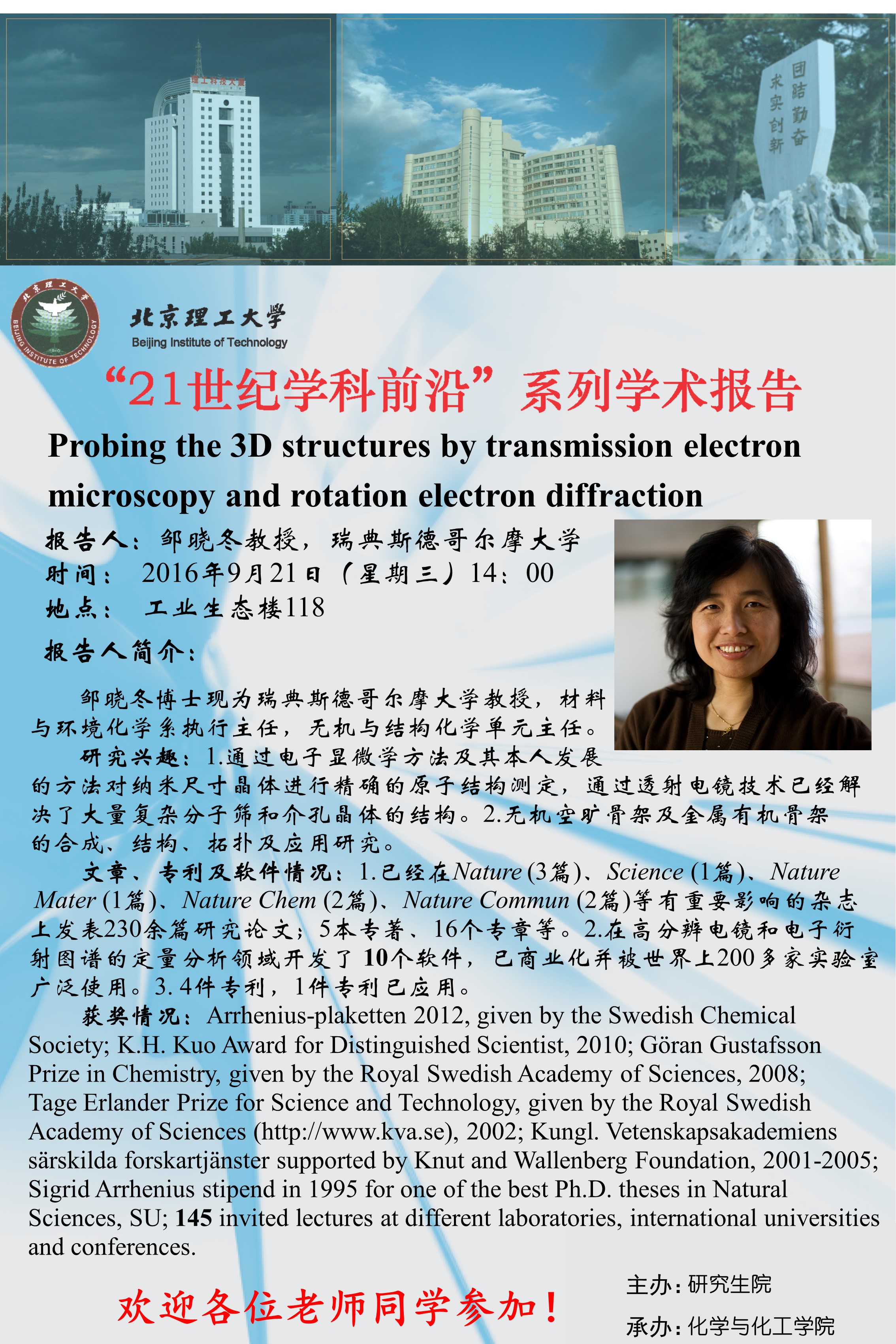 【化学与化工学院】“21世纪学科前沿”邹晓冬教授学术报告通知
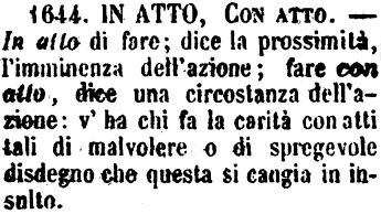 | In atto, Con atto - In atto di fare; dice la prossimità, l'imminenza dell'azione; fare con atto, dice una circostanza dell'azione: v'ha chi fa la carità con atti tali di malvolere o di spregevole disdegno che questa si cangia in insulto. [immagine] |
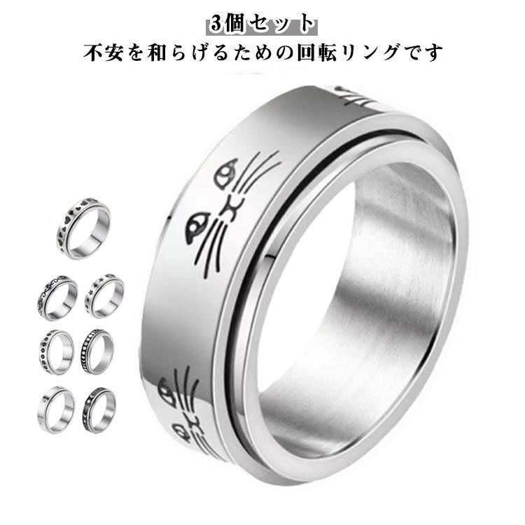 緩和 不安 スピナーリング ストレス解消 猫 6~12号 癖対策 不安を和らげるリング 月 レディース メンズ リラックス ステンレス 指輪 星 不安リング 回転リング フィジェッ 太陽
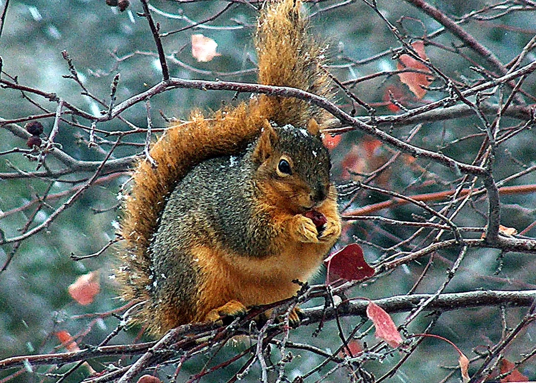 One snowy morning last November, I looked out the window to see a squirrel eating crab apples from our tree. His tail bushed up behind him was all that protected him from the windy cold.
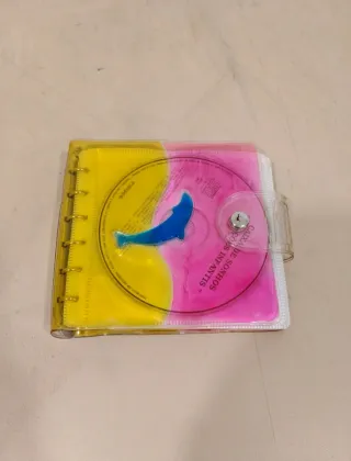 Estojo porta CDs com capacidade para 24 discos. ✔️ Estrutura resistente (tipo livro – flexível) ✔️ Argolas metálicas para abrir e fechar, permitindo adicionar ou remover folhas ✔️ Bolsas protetoras individuais para cada CD ✔️ Em bom estado, sem rasgões ou danos Ideal para guardar ou transportar CDs.
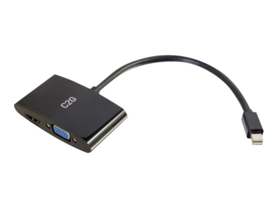 C2G 20cm Mini DisplayPort to HDMI or VGA Adapter Converter 4K UHD - Black - Videokort - Mini DisplayPort hane till 15 pin D-Sub (DB-15), HDMI hona - 20.3 cm - skärmad - svart - stöd för 4K
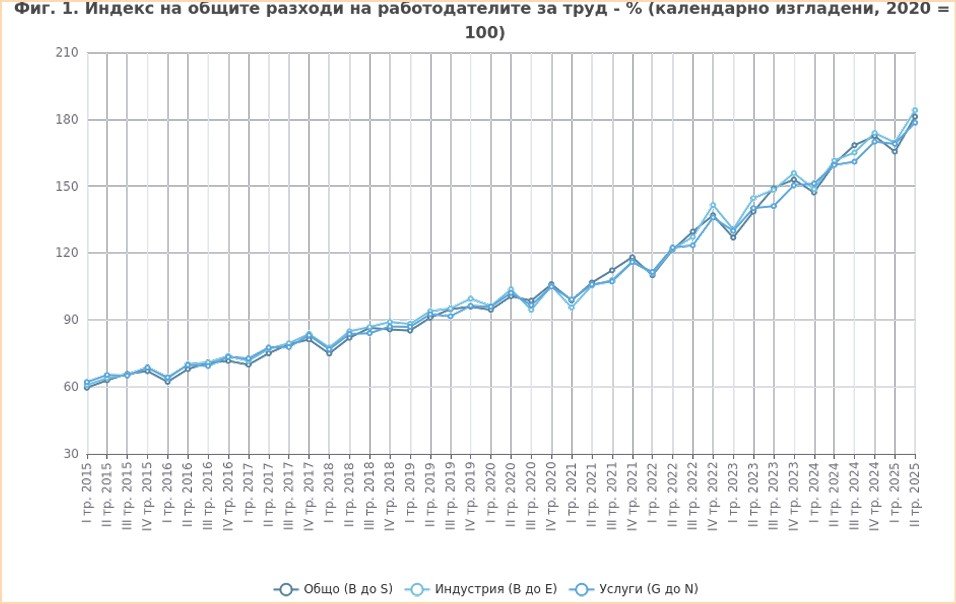 Само за година разходите за труд* са се увеличили средно с 13 процента, показват новите данни на НСИ - за третото тримесечие на 2025 г. При скромен ръст на икономиката - под 4%, и при около 5% инфлация на годишна база двуцифреното покачване на заплатите не изглежда нито оправдано, нито здравословно, защото всъщност по-високите доходи са почва за избуяване на цените.
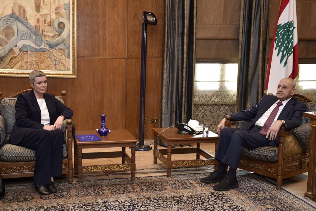 الرئيس بري عرض أيضاً الاوضاع العامة والمستجدات السياسية والميدانية على ضوء الخروقات الاسرائيلية المتواصلة لبنود إتفاق وقف اطلاق النار اضافة للوضعين المالي والاقتصادي والتشريعات المتصلة بهما ، وذلك خلال لقائه سفيرة الإتحاد الأوروبي في لبنان ساندرا دو وال .
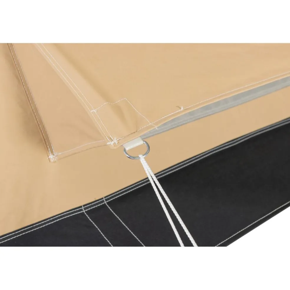 Het buitendoek bestaat uit 310 g/m² katoen, waardoor de tent natuurlijk ademt en condensvorming beperkt blijft. Dat voelt frisser aan bij warm weer en helpt juist bij wisselvallig weer om het binnenklimaat stabiel te houden. Het vaste bisonyl grondzeil sluit kuipvormig aan op de wanden, zodat spatwater, vuil en ongedierte buiten blijven en u de leefruimte eenvoudig schoonhoudt. De aluminium tentstokken combineren stijfheid met relatief laag gewicht, wat niet alleen voor stormvaste booglijnen zorgt maar ook het opzetten lichter maakt.
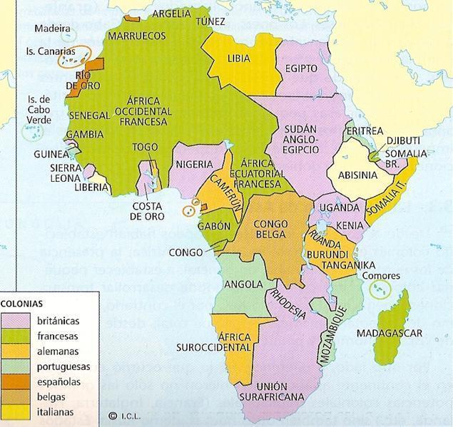 EL REPARTO DE ÁFRICAA principios del siglo XIX, África era un continente desconocido. Menos en las zonas costeras, el interior de África permanecía ignorado y estaba ocupado por tribus.A partir del Congreso de Viena en 1815,Reino Unido obtuvo la colonia de El Cabo. En 1830 los franceses ocuparon Argelia, los portugueses ampliaron sus factorías costeras de Angola y Mozambique. A partir de 1870, los países Europeos se empezaron a interesar por el interior del continente africano, y se produjo una autentica carrera colonizadora. En el reparto se dividió en el Norte, occidental austral y oriental pero algunos lugares como la cuenca del Congo y el valle del Nilo estuvieron muy reñidos por los distintos países.En 1898 se produjo la crisis Fachoda con el enfrentamiento de franceses y británicos para conquistar el dominio del curso medio del Nilo.Más tarde se enfrentaron europeos y los boers. Finalmente en el río Niger se acordó la libre navegación, que posteriormente el Reino Unido ocupó su salida del mar.
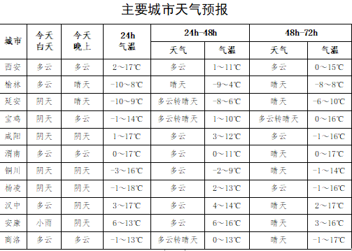 4日:陜北、關中多云轉晴天,陜南多云。陜北、關中北部有6級左右西北風,日平均氣溫陜北、關中北部下降6℃左右,局地可達8℃。陜北、關中北部部分地方有沙塵天氣。T93安康新聞網
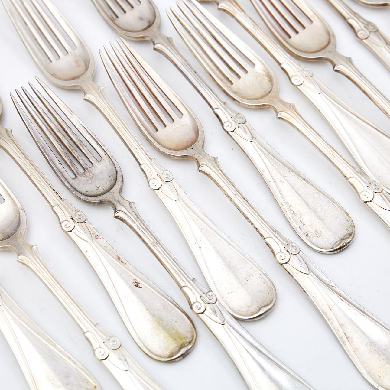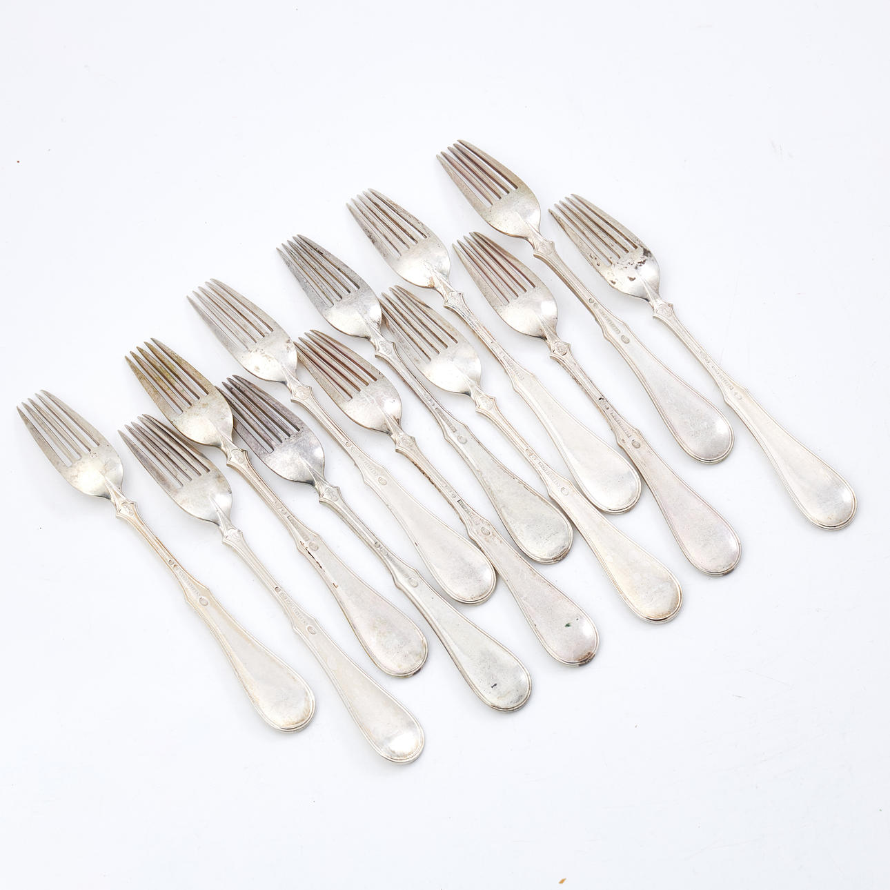 DESSERTGABELN, 12 Stück, Silber, W Christensen, Dänemark, Stempel.
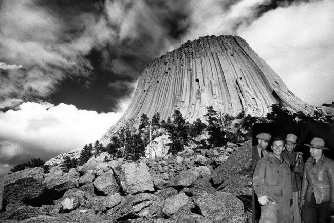 Долгое время дьявольская скала была неприступной. Первый раз на нее взобрался местный житель в конце 19 века. Подвиг был повторен лишь в 1938-ом, скалолазом Джеком Дюрансом. Третьим покорителем дьявольской вершины стал опытный парашютист Джордж Хпокинс, забравшийся на гору сверху в 41 году, выпрыгнув из самолета с парашютом. Приземление прошло удачно, но выбраться оттуда оказалось куда труднее: веревки, которые сбрасывали ему с самолетов, чтобы он мог спуститься, падали мимо или приходили в негодность от удара о камни. Воспользоваться же вертолетом или дирижаблем было нельзя из-за плохих погодных условий. Парашютист на Башне дьявола стал пленником скалы.
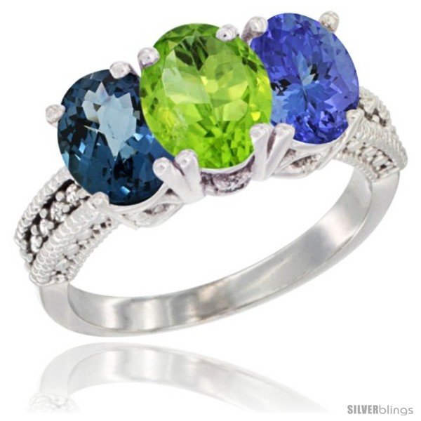 10K White Gold Natural London Blue Topaz, Peridot & Tanzanite Ring 3-Stone Oval 7x5 mm Diamond Accent
· · · · ·
What is needed is an exact copy of the entries, without any images.

 【化学与化工学院】“21世纪学科前沿”邹晓冬教授学术报告通知
 | In atto, Con atto - In atto di fare; dice la prossimità, l'imminenza dell'azione; fare con atto, dice una circostanza dell'azione: v'ha chi fa la carità con atti tali di malvolere o di spregevole disdegno che questa si cangia in insulto. [immagine] |
 緩和 不安 スピナーリング ストレス解消 猫 6~12号 癖対策 不安を和らげるリング 月 レディース メンズ リラックス ステンレス 指輪 星 不安リング 回転リング フィジェッ 太陽
 One snowy morning last November, I looked out the window to see a squirrel eating crab apples from our tree. His tail bushed up behind him was all that protected him from the windy cold.
 Estojo porta CDs com capacidade para 24 discos. ✔️ Estrutura resistente (tipo livro – flexível) ✔️ Argolas metálicas para abrir e fechar, permitindo adicionar ou remover folhas ✔️ Bolsas protetoras individuais para cada CD ✔️ Em bom estado, sem rasgões ou danos Ideal para guardar ou transportar CDs.
 C2G 20cm Mini DisplayPort to HDMI or VGA Adapter Converter 4K UHD - Black - Videokort - Mini DisplayPort hane till 15 pin D-Sub (DB-15), HDMI hona - 20.3 cm - skärmad - svart - stöd för 4K
 Само за година разходите за труд* са се увеличили средно с 13 процента, показват новите данни на НСИ - за третото тримесечие на 2025 г. При скромен ръст на икономиката - под 4%, и при около 5% инфлация на годишна база двуцифреното покачване на заплатите не изглежда нито оправдано, нито здравословно, защото всъщност по-високите доходи са почва за избуяване на цените.
 الرئيس بري عرض أيضاً الاوضاع العامة والمستجدات السياسية والميدانية على ضوء الخروقات الاسرائيلية المتواصلة لبنود إتفاق وقف اطلاق النار اضافة للوضعين المالي والاقتصادي والتشريعات المتصلة بهما ، وذلك خلال لقائه سفيرة الإتحاد الأوروبي في لبنان ساندرا دو وال .
 Het buitendoek bestaat uit 310 g/m² katoen, waardoor de tent natuurlijk ademt en condensvorming beperkt blijft. Dat voelt frisser aan bij warm weer en helpt juist bij wisselvallig weer om het binnenklimaat stabiel te houden. Het vaste bisonyl grondzeil sluit kuipvormig aan op de wanden, zodat spatwater, vuil en ongedierte buiten blijven en u de leefruimte eenvoudig schoonhoudt. De aluminium tentstokken combineren stijfheid met relatief laag gewicht, wat niet alleen voor stormvaste booglijnen zorgt maar ook het opzetten lichter maakt.
 EL REPARTO DE ÁFRICAA principios del siglo XIX, África era un continente desconocido. Menos en las zonas costeras, el interior de África permanecía ignorado y estaba ocupado por tribus.A partir del Congreso de Viena en 1815,Reino Unido obtuvo la colonia de El Cabo. En 1830 los franceses ocuparon Argelia, los portugueses ampliaron sus factorías costeras de Angola y Mozambique. A partir de 1870, los países Europeos se empezaron a interesar por el interior del continente africano, y se produjo una autentica carrera colonizadora. En el reparto se dividió en el Norte, occidental austral y oriental pero algunos lugares como la cuenca del Congo y el valle del Nilo estuvieron muy reñidos por los distintos países.En 1898 se produjo la crisis Fachoda con el enfrentamiento de franceses y británicos para conquistar el dominio del curso medio del Nilo.Más tarde se enfrentaron europeos y los boers. Finalmente en el río Niger se acordó la libre navegación, que posteriormente el Reino Unido ocupó su salida del mar.
 4日:陜北、關中多云轉晴天,陜南多云。陜北、關中北部有6級左右西北風,日平均氣溫陜北、關中北部下降6℃左右,局地可達8℃。陜北、關中北部部分地方有沙塵天氣。T93安康新聞網
 DESSERTGABELN, 12 Stück, Silber, W Christensen, Dänemark, Stempel.
 Долгое время дьявольская скала была неприступной. Первый раз на нее взобрался местный житель в конце 19 века. Подвиг был повторен лишь в 1938-ом, скалолазом Джеком Дюрансом. Третьим покорителем дьявольской вершины стал опытный парашютист Джордж Хпокинс, забравшийся на гору сверху в 41 году, выпрыгнув из самолета с парашютом. Приземление прошло удачно, но выбраться оттуда оказалось куда труднее: веревки, которые сбрасывали ему с самолетов, чтобы он мог спуститься, падали мимо или приходили в негодность от удара о камни. Воспользоваться же вертолетом или дирижаблем было нельзя из-за плохих погодных условий. Парашютист на Башне дьявола стал пленником скалы.
 10K White Gold Natural London Blue Topaz, Peridot & Tanzanite Ring 3-Stone Oval 7x5 mm Diamond Accent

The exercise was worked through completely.